# anyone know what this is?



## hamsterman (Sep 19, 2006)

I spotted this on my moss and was wondering if anyone knew what it was (maybe just debris built up?) and maybe how to get rid of it. Think shrimp would like to eat it? Thanks


----------



## Briney (Jun 17, 2006)

dont know what it is but i get it too, and yes shrimps will eat it.


----------



## aloha (Jun 2, 2005)

It seems like bba and i believe the shrimps won't eat it.


----------



## gibmaker (Jan 3, 2007)

it looks to me like dead algae, algae turns white to gray usually when it is dead


----------



## Cassie (May 27, 2006)

it doesn't look likek bba to me. my moss can get full of hair/thread algae if my ferts or co2 is off. the best thing would be to make sure everything (lights, nutrients, co2) are balanced. shrimp might help, but getting down to the bottom of the problem is the way to totally solve it!


----------



## John N. (Dec 11, 2005)

Looks like some sort of fungus, like when you overfeed and the food rots and develops a while film on it. It doesn't appear to be algae.

-John N.


----------



## hamsterman (Sep 19, 2006)

Yea, that could be it John N. 

I did remove a bunch of plants earlier. My guess is that excess debris like fish wastes maybe covered it and created some fungus. Think I should give the moss a quick wash under water or would cherry shrimp prefer such a thing?

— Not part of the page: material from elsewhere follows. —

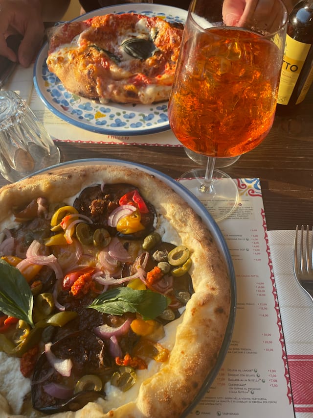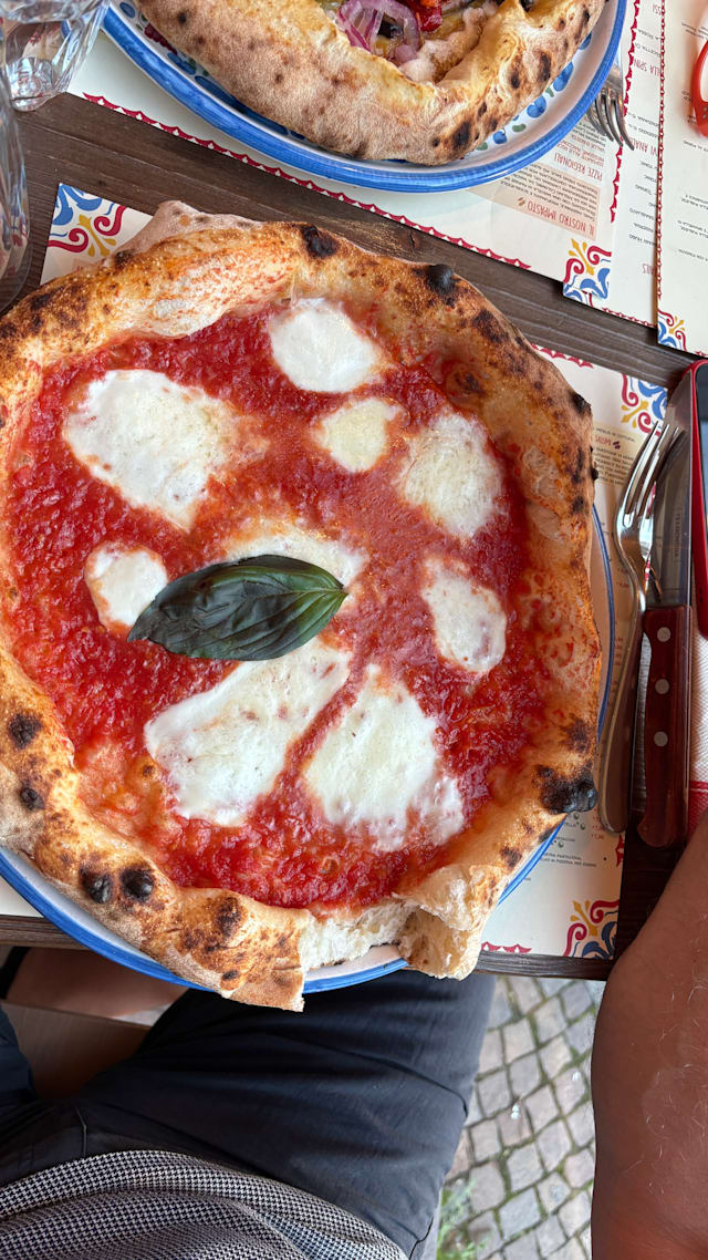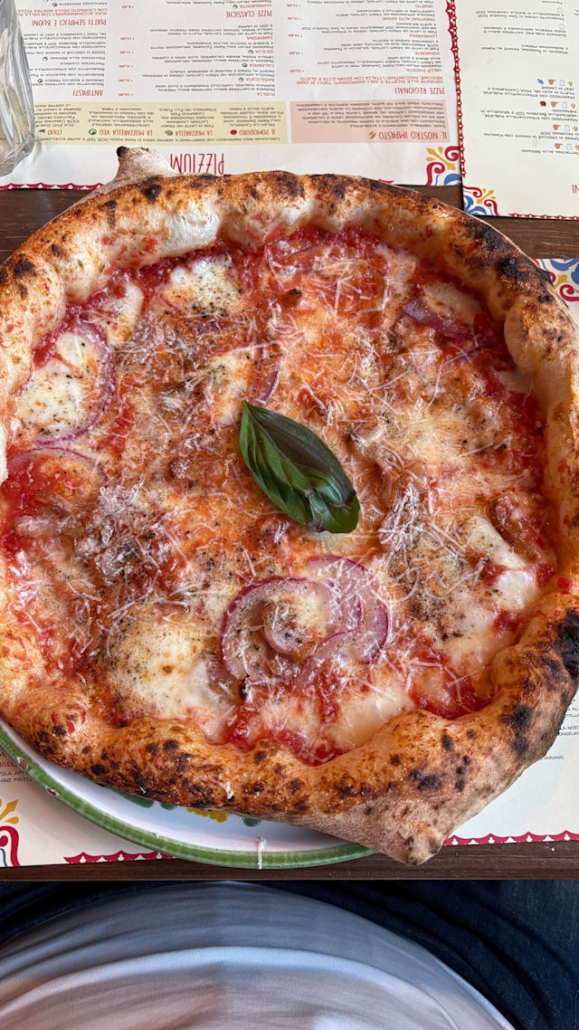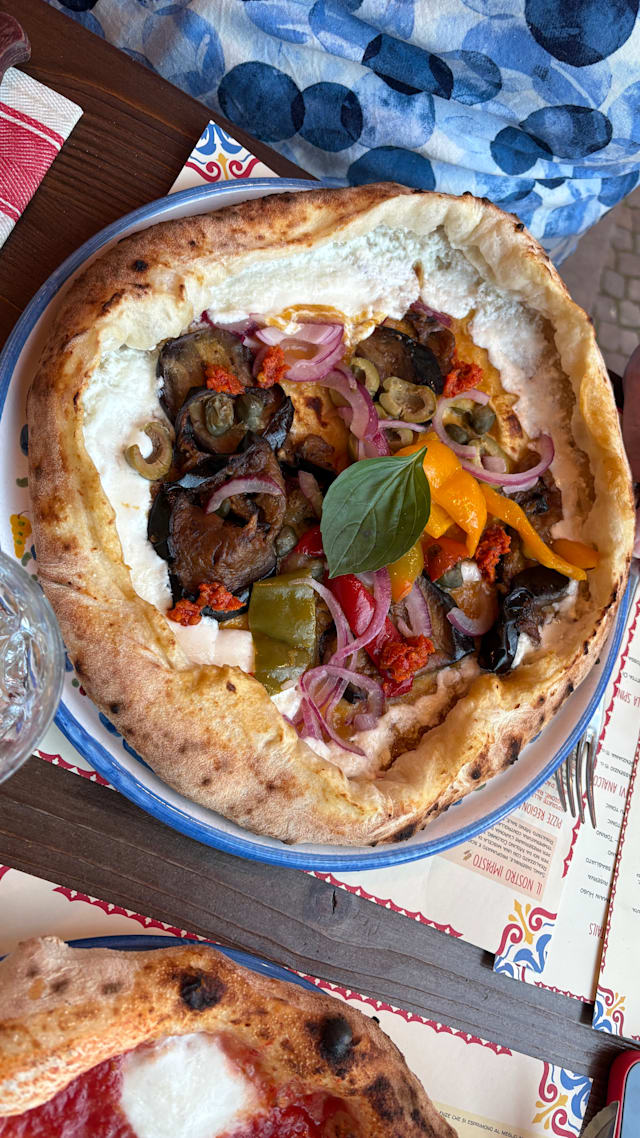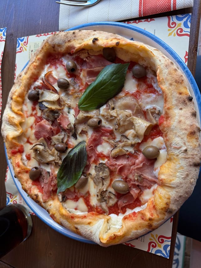 Pomodori pelati dall’agro sarnese, fior di latte dei monti lattari, funghi cardoncelli, prosciutto cotto alla brace e olive nere

Thanks to everyone for the help.


----------



## papillon (Jul 12, 2006)

i normally encounter them, but i include them in my water change... i sipon them out


----------



## jeff63851 (Feb 23, 2005)

If it's the white fluffy stuff that's sticking on to the moss, then I think it's fungus. I'm not sure if the shrimp would eat it though, but it never hurts to try.


----------